Quid du Deathgrind ? Haha, t’es mignon, retourne t’asseoir. Tout ce que t’auras, c’est un peu de Noise Rock, un peu de
Melvins, un poil de
The Jesus Lizard, et
beaucoup trop de
Converge. Ben voyons. C’est vrai qu’on avait bien besoin d’un n-ième clone de Jacob Bannon dans nos bacs à disques…
J’ai toujours cherché du bon (des excuses ?) chez
Full of Hell, même quand il commençait à faire du hors-piste – et à se vautrer. Après tout, il fait partie de mes chouchous, je suis prêt à tout lui pardonner. D’autant que je n’avais, à l'époque en tout cas, jamais croisé la route d’une formation mêlant, avec succès, Grindcore, Noise et influences toujours plus extrêmes. J’espérais naïvement pouvoir m’infliger un nouveau disque de la trempe de ses collaborations avec
Merzbow et
The Body (je parle de la première, dans ce cas précis). Un peu fou ? Surtout très con ! Le groupe s’appliquant à s’éloigner de ses racines depuis bientôt dix ans, j'étais vraiment dans le déni complet… Bravo, les gars, avec
«Coagulated Bliss», vous n'êtes plus que l'ombre de vous-mêmes.
C’est un mauvais
Full of Hell, mais surtout un mauvais disque. Vingt-cinq minutes de roue libre, qui en paraissent le double, dont un quart (!) sont dévolues à «Bleeding Horizon», poursuivant la tradition du remplissage éhonté en tartinant négligemment son Sludge de destockeur pendant six longues minutes.. Où il ne se passe strictement rien. Du bruit blanc eut été plus agréable, et certainement plus pertinent. Sans déconner, même les titres les plus violents (présents sur la seconde moitié de l’opus), n’arrivent jamais à être vraiment mordants («Vomiting Glass», «Vacuous Dose»). Comme je l’évoquais plus haut, le son très lisse, bien lustré de l’ensemble n’aide vraiment pas l’album à décoller, ou à me tirer de ma torpeur.
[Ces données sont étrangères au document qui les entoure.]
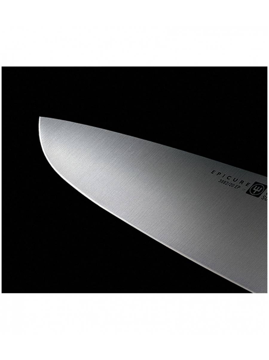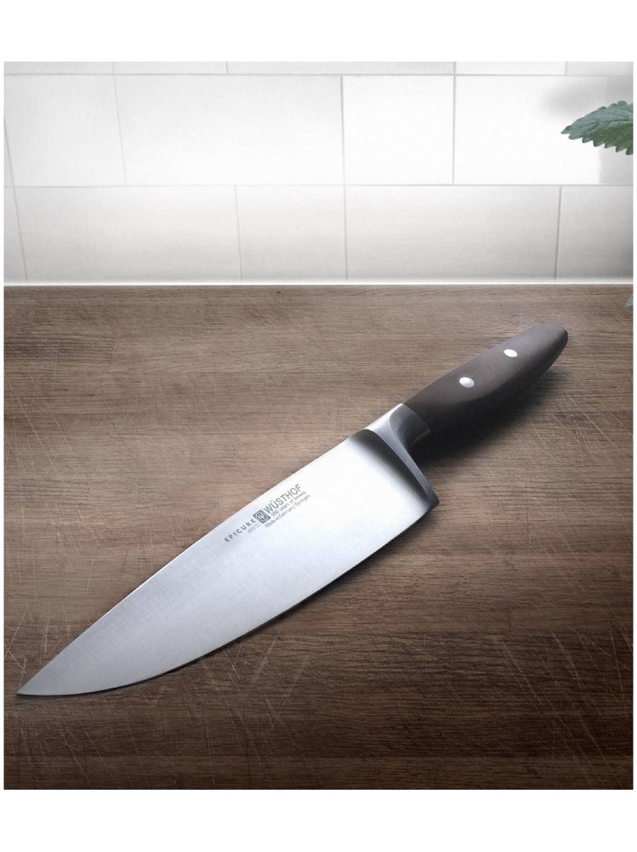 Το μαχαίρι Wusthof Epicure είναι ιδανικό για τον σεφ και γενική χρήση στην κουζίνα. Είναι το πιο χρήσιμο από όλα τα μαχαίρια στην κουζίνα. Πρόκειται για μια χειροκίνητη μηχανή μαγειρέματος και αποτελεί την επέκταση του χεριού κάθε επαγγελματία μάγειρα. Σε όλα τα μαχαίρια της σειράς Epicure θα ανακαλύψετε μία τέλεια μίξη Ιαπωνικής και Γερμανικής φιλοσοφίας. Το στήθωμα εξασφαλίζει απόλυτη ισορροπία ενώ παράλληλα σας δίνει τη δυνατότητα να κόβετε ακούραστα για μεγάλη διάρκεια. Ακρίβεια στην κόψη και αποτελεσματικότητα είναι τα βασικά χαρακτηριστικά της πλατιάς λάμας. Λαβή κατασκευασμένη από φυσικές ίνες και ρητίνη- τόσο ντελικάτη όσο και μια ξύλινη. Απόλυτη δεινότητα κοπής χάρη στην "Petec" τεχνολογία της Wusthof. Δεν πλένεται σε πλυντήριο πιάτων.
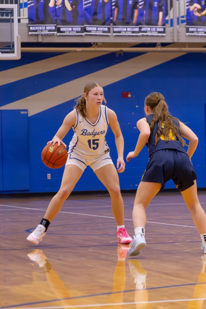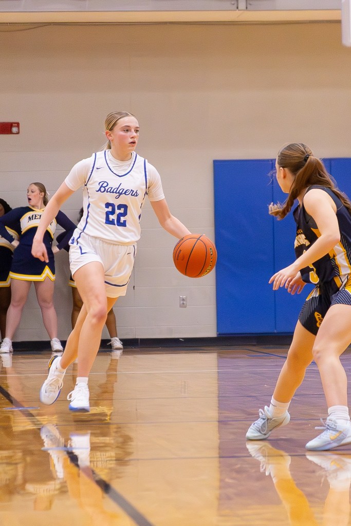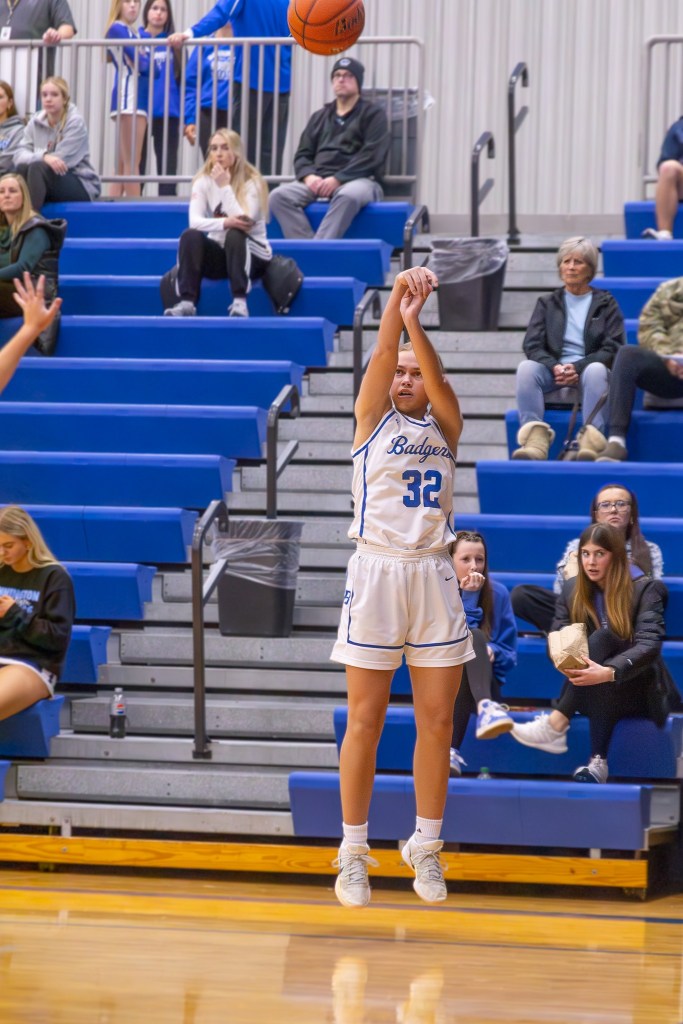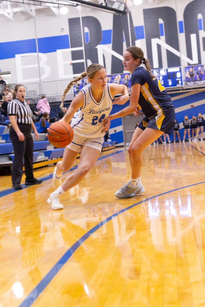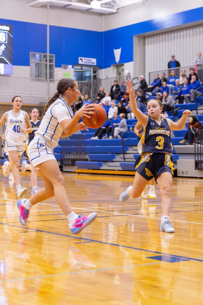 The Bennington Badgers have kicked off the 2025-26 girls’ basketball season with three wins- the most recent was Tuesday night’s 80-31 victory over Omaha Mercy! The team dominated from tip-off, while also sinking all five free throws. With 23 assists on 33 made baskets, the ball movement was crisp and purposeful, showcasing the teamwork they’ve been building in practice.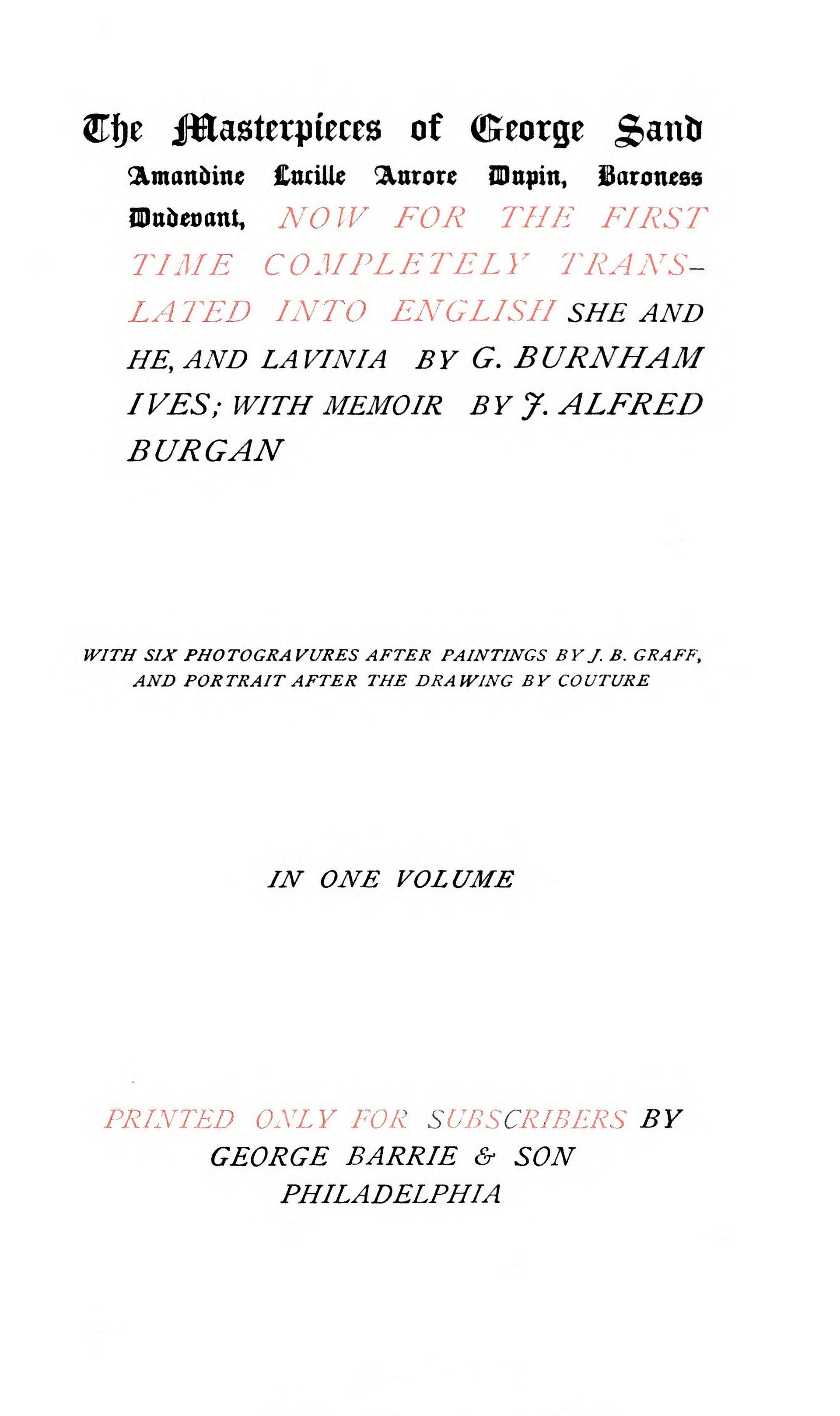 The Masterpieces of George Sand,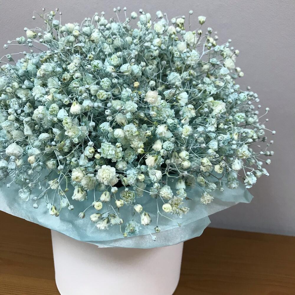 Тишью – 1 шт.Коробка шляпная – 1 шт.Оазис флористический – 1 шт.гипсофила сухоцвет – 6 шт.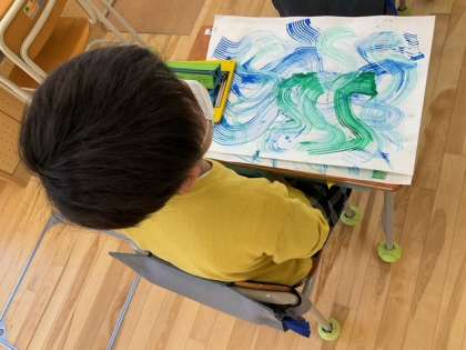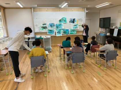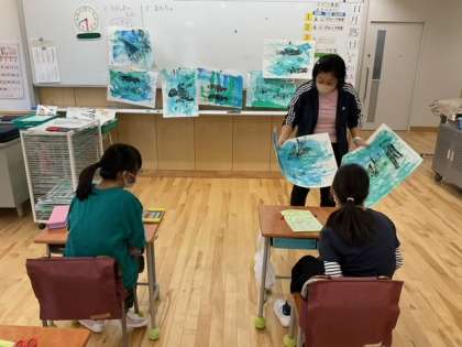 図工の時間です。版画の仕上げに入っています。どんな作品にしようかな?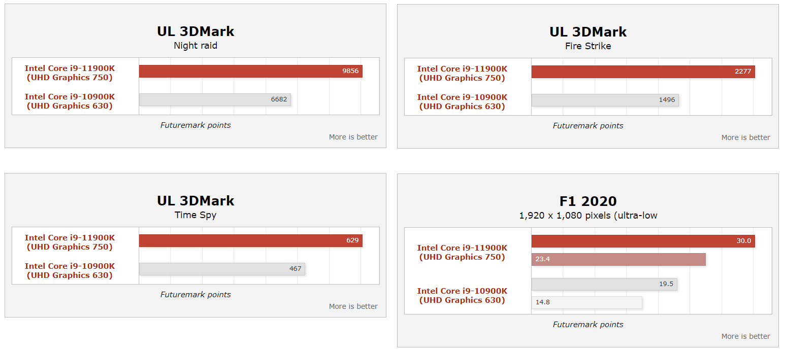 Видеоядро UHD 750 в составе настольных процессоров Core 11-го поколения содержит до 32 исполнительных модулей Xe-LP. Как показали независимые тесты, новая архитектура принесла ощутимый прирост быстродействия встроенной графики. Отметим, что для замеров производительности использовалась предварительная версия драйвера, разосланная крупным изданиям.

«Coagulated Bliss» ronronne gentiment. «Doors to Mental Agony», par exemple : ces accentuations de temps aux toms, tribalisantes sur les bords, le gros bordel final à base d’accélération bienvenue sur lit de hurlements, se retrouvent complètement étouffés par cette production arasée, passe-partout – surtout lorsqu’on la compare à celles des précédents disques,
«Garden of Burning Apparitions » mis à part. Passons rapidement sur les
featurings anecdotiques, puisque ni Ross Dolan («Gasping Dust»), ni Jacob Bannon («Malformed Ligature », évidemment le titre le plus
Converge-compatible de l’album) n’arrivent à sortir leur épingle du jeu, tant ce dernier disque nivèle par le bas. Parties bourre-pif isolées,
«Coagulated Bliss» me fait l’effet d’un patchwork bien triste, qui n’est cohérent que par son indigence. Pire encore, les incursions Noise apparaissent plus putassières que jamais, introduites au forceps dans des compositions qui n'en avaient vraiment pas besoin. Bref, pas grand chose à sauver, ni à se mettre sous la dent, pour qui garde en mémoire les débuts de
Full of Hell.
«Coagulated Bliss» est un peu l'oraison funèbre du Death/Grind si caractéristique du groupe, ensevelissant un bien beau cercueil sous un monceau de poncifs et de riffs éculés. Je ne vais pas faire semblant d'être triste, le deuil fut très court : les productions des Tennesséen de
Knoll comblent déjà largement le vide laissé par Dylan Walker et sa clique - je vous encourage d'ailleurs à vous pencher sur
"As Spoken", pur bijou sorti ce début d'année. La rupture est consommée. Si
Full of Hell se recycle dans ce genre de pignole, je me contenterai de suivre leurs pérégrinations futures de très, très loin. Si les clones de
Converge sont légion, les groupes autrement plus intéressants le sont également. Quel dommage.